To: John C Klensin <klensin@jck.com>, idn@ops.ietf.org
Subject: RE: [idn] homograph attacks
From: Martin Duerst <duerst@w3.org>
Date: Thu, 17 Feb 2005 18:46:16 +0900
Cc: dam@icann.org
In-reply-to: <BA0B04987920471308DCD902@scan.jck.com>
References: <A313262806CD3341AC59AB108137FC8F2F74E5@dul1wnexmb01.vcorp.ad.vrsn.com> <6.1.2.0.2.20050216143507.030d1cd0@mail.jefsey.com> <BA0B04987920471308DCD902@scan.jck.com>

Hello John,

Some points below.

At 02:17 05/02/17, John C Klensin wrote:
>Responding to several messages together, rather than sending a
>series of fragmented messages...

>--On Wednesday, 16 February, 2005 15:09 +0100 "JFC (Jefsey)
>Morfin" <jefsey@jefsey.com> wrote:

>Actually, that is not the ICANN/IANA requirement, nor is it
>clear where their requirement applies (e.g., such registrations
>are optional).  Their requirement is unclear and, IMO, needs
>updating.  I hope that they will get to that updating process
>RSN.  On the other hand, I have had that hope for well over a
>year.  Progress is unlikely to be made on those subjects by
>further discussion here.

I'd be glad to hear about what you think needs updating
(I'm thinking there is a need for updating, too), in
any appropriate venue. (I subscribed to the ICANN
list you mentioned)


>In a separate note, at Tuesday, February 15, 2005 7:44 PM, you
>wrote, in part...
>
>>> Should it not be supported on the IANA server and common to
>>> all the gTLDs?

>	(ii) An interesting distinction has been identified
>	between the needs of a domain that must serve the
>	requirements of a particular country and a domain that
>	supports the language commonly associated with that
>	country.  For the first case, of which .DE is the
>	best-worked-out example, there is a legitimate
>	requirement for registration of common names, company
>	names, street names, etc., in Germany.  Given history,
>	that list will include strings and characters that don't
>	exist in the German language.  It may include strings
>	the contain combinations of characters that do no appear
>	together in any contemporary language that uses
>	Roman-based characters.   By contrast, if a gTLD creates
>	a language table defined around the German language,
>	many of the characters needed by .DE are simply invalid.
>	That contrast, which Martin has identified in the form
>	of the difference between the "German" tables used in
>	the TLDs for Austria and Switzerland relative to those
>	used in Germany) may require taking a different look at
>	the rules and guidelines (and table registration models)
>	than we have heretofore taken: either for rather
>	different guidelines for ccTLDs than for gTLDs, or for
>	rethinking the registration model, or both.

I think the idea of a gTLD serving German language needs
is not necessarily helpful.

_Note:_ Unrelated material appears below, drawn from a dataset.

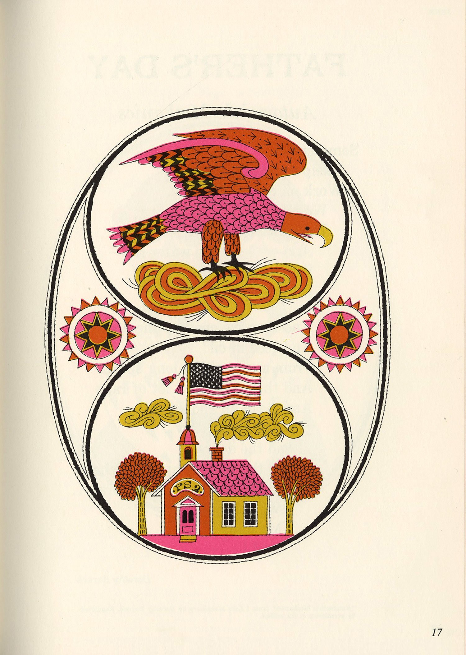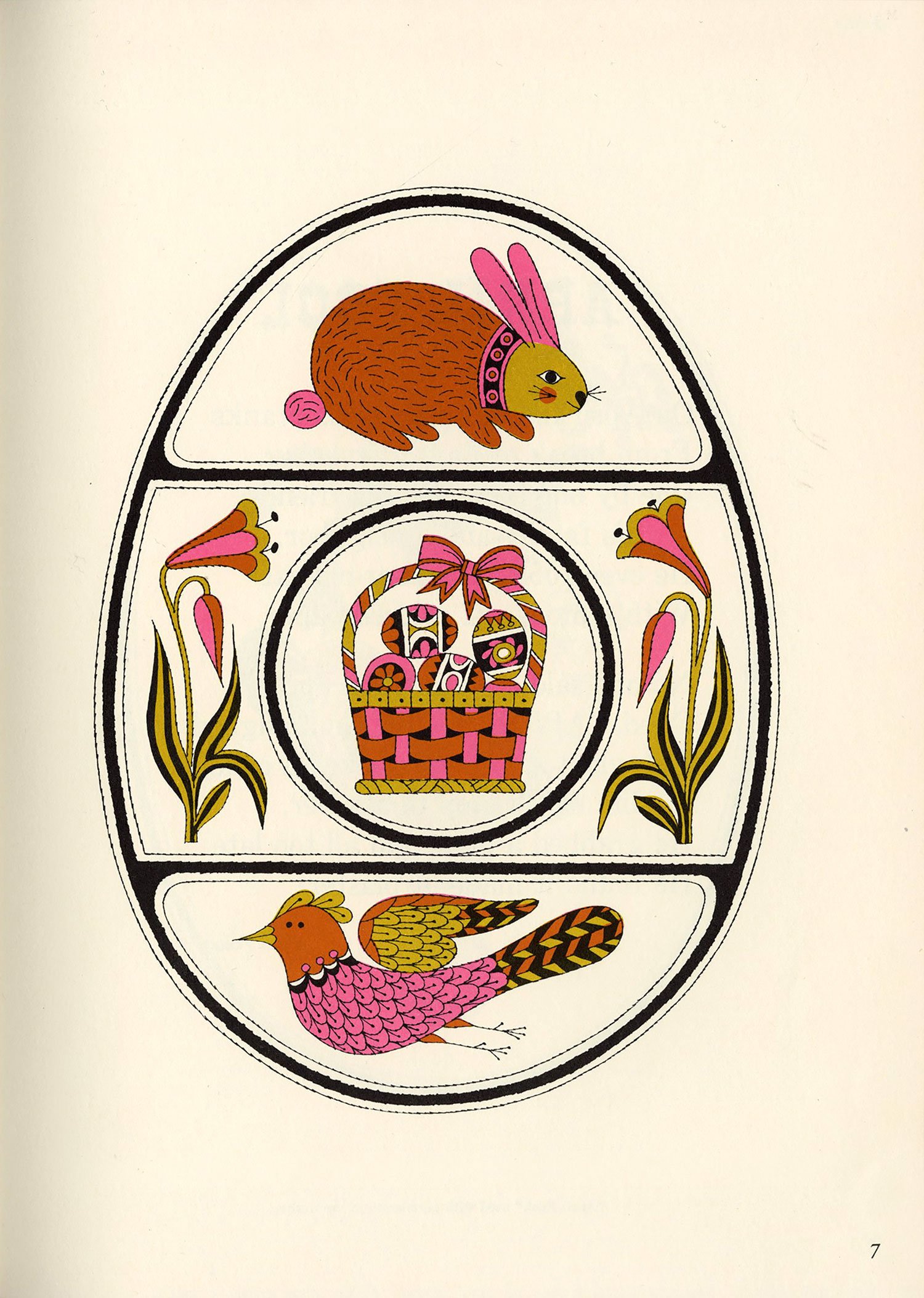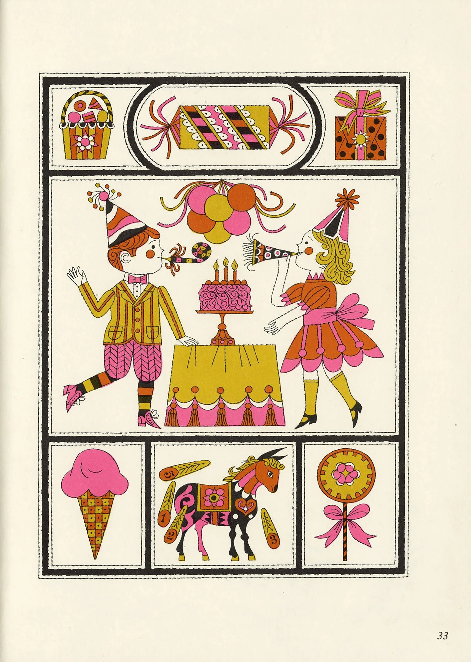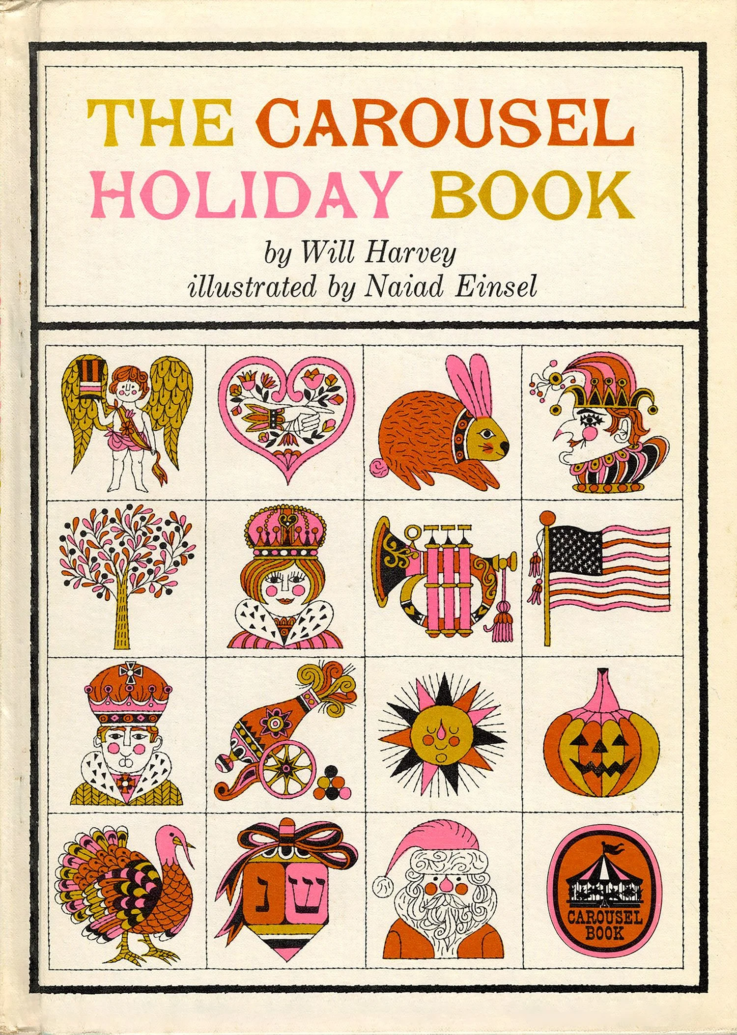 After a bit of a hiatus, I finally dusted off the scanner this afternoon. This book surfaced at the top of my pile randomly but fortuitously, as it’s been a while since I’ve posted anything by Naiad Einsel, one of my favorite illustrators. Alongside her delightful artwork, I love the simple but effective use of a different display typeface on each page, the oh-so-mid-century pink-and-gold color palette, and the various borders framing each illustration.

Of course they need to serve
German language needs, as well as the needs of many other
languages. But do they have to say "oh, well, .DE developped
this table for the needs in Germany, including the needs of
the German language as a subset, so we should try and find
that subset"? I'd claim that that's mostly investing work
at the wrong place. In many cases, a gTLD can just create
tables that cover a number of languages at the same time,
maybe even a whole script as proposed by Michel. But this
has to be done bottom-up, so it may take time.

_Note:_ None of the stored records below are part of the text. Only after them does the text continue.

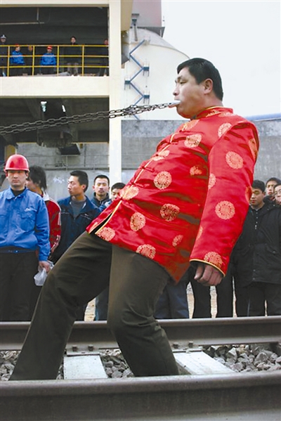 说起丁兆海的确是个传说。他曾在山东卫视“阳光快车道”栏目两次打破臂力棒挑战赛“阳光记录”;曾连续成功挑战山西卫视才艺大比拼“手撕搪瓷脸盆”和“人体倒立弯折臂力棒”两个项目,并打破两个项目的纪录;曾在山东省公证处两名公证员的监督下,用牙齿牵引一辆重6.3吨的金龙牌中巴车,同时手推一辆重2.3吨的长城牌皮卡车前行了25米;曾用牙齿咬住一条铁链,牵引一台重43吨的火车头前行了13米。
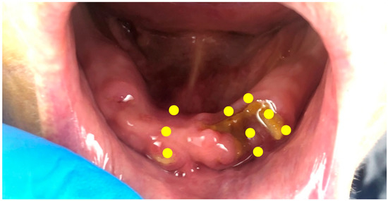 Clinical aspect of the mandibular arch immediately after the 3rd session of photobiomodulation therapy. The schematic yellow spots represent the areas of irradiation made in each of the nine sessions.
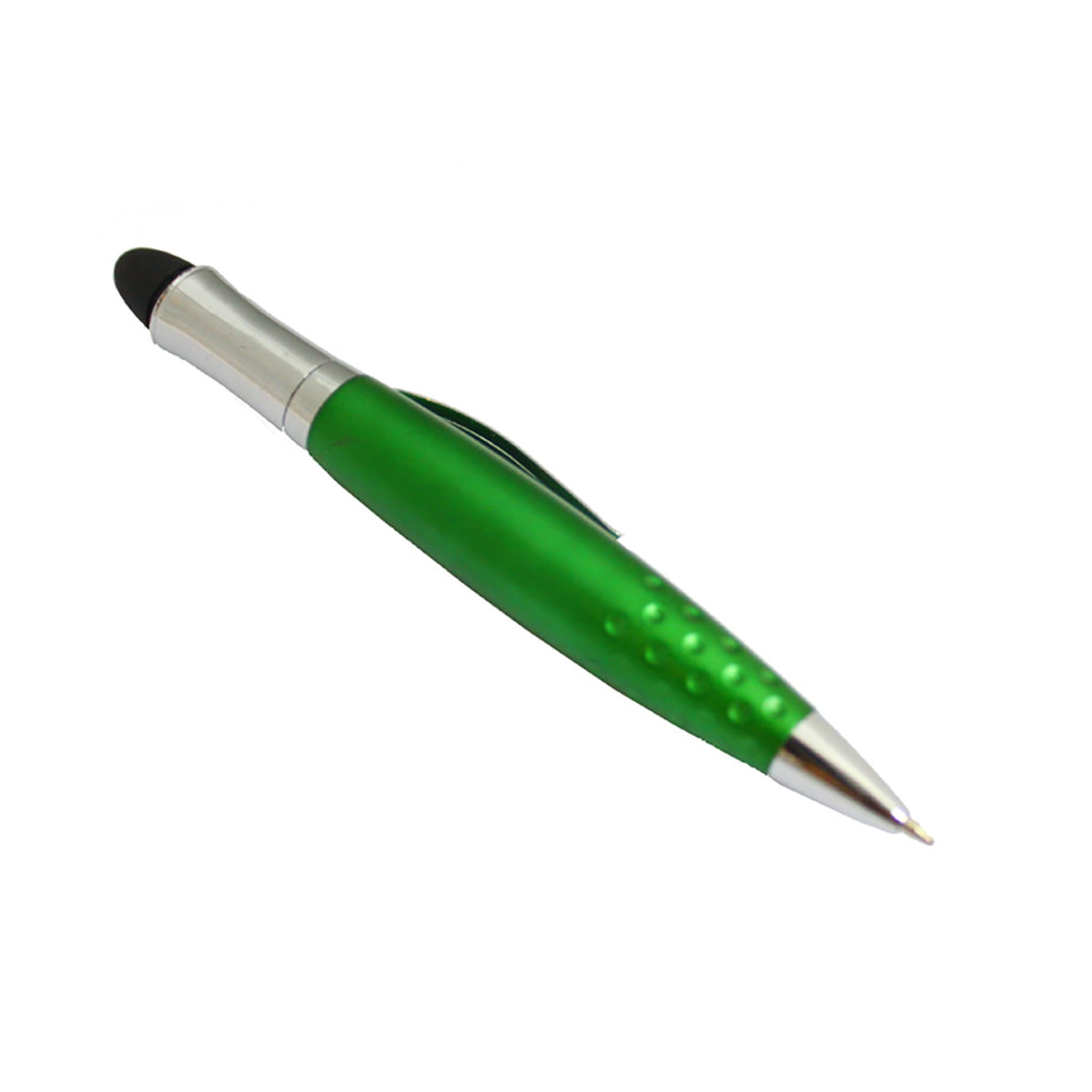 The displayed touchscreen stylus ball pen is made of plastic and has a writing tip and a rubber tip on both ends. It offers a comfortable grip and has a pen clip for attaching to pockets. This versatile and convenient touchscreen stylus ball pen is excellent for iPhones, iPads, and other mobile devices.
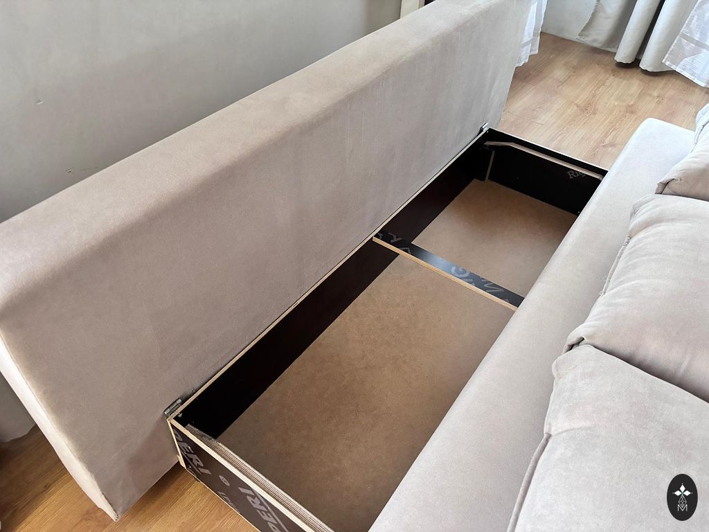 Kampinė sofa, išskleidžiama, su skalbinių dėže
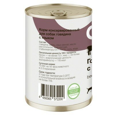 Консервы для собак говядина с языком 0,1 кг х 10 шт.

>	The issue that Pat identifies with Tajik is another
>	piece of the same puzzle: many of us may believe that
>	there is no possible reason to mix the three scripts in
>	which that language can be written in a single label,
>	and I certainly trust Roozbeh's knowledge and experience
>	in that area.

Very much agreed.

>      Certainly, it would make things safer to
>	prohibit any mixing (note that IDNA's BIDI restrictions
>	essentially prohibit mixing an Arabic-derived script
>	with anything other than itself, another Arabic-derived
>	script, or Hebrew).

Good point, but a small correction:
These restrictions only prevent mixing RTL scripts (Hebrew,
Arabic, Syriac,...) with LTR scripts (all the others). They
don't prevent mixing RTL scripts among each other.

And of course, exceptions such as Japanese as well as
languages that e.g. use a few Greek characters in addition
to the Latin alphabet have to be addressed (such languages
of course use those characters from Greek that look different
from Latin characters, so there should be no, or not much,
of a phishing issue).

>      However, we have a long history of
>	DNS labels that could not possibly be words in any
>	language.  Whether or not to permit mixed-script labels
>	is presumably an issue that the registry for .TJ will
>	need to sort out (I have been told, for example, that
>	mixed Cyrillic and Latin-character labels are likely to
>	be a requirement in Serbia and Montenegro, although this
>	illustration might give them pause).  And the best
>	answer for them might or might not be the best answer
>	for a gTLD.

I'm a bit sceptical for the need for true mixed-script labels
for Serbian (i.e. something like latin-CYRILLIC). One main
issue here is that it's more work to type in mixed-script
labels.

>In addition, as Hotta-san's very helpful note points out, one
>could considerably reduce the scope of the identified
>confusion/phishing problems by aggressively applying a variant
>model across scripts, restricting the registration of homographs
>to the same registrant.  I personally suspect that will not
>prove practical, from a policy standpoint, in the collection of
>alphabetic scripts that share Old Semitic origins, but that is,
>IMO, just another argument for giving different registries the
>flexibility to develop their own policies and take
>responsibility for the consequences of those policies.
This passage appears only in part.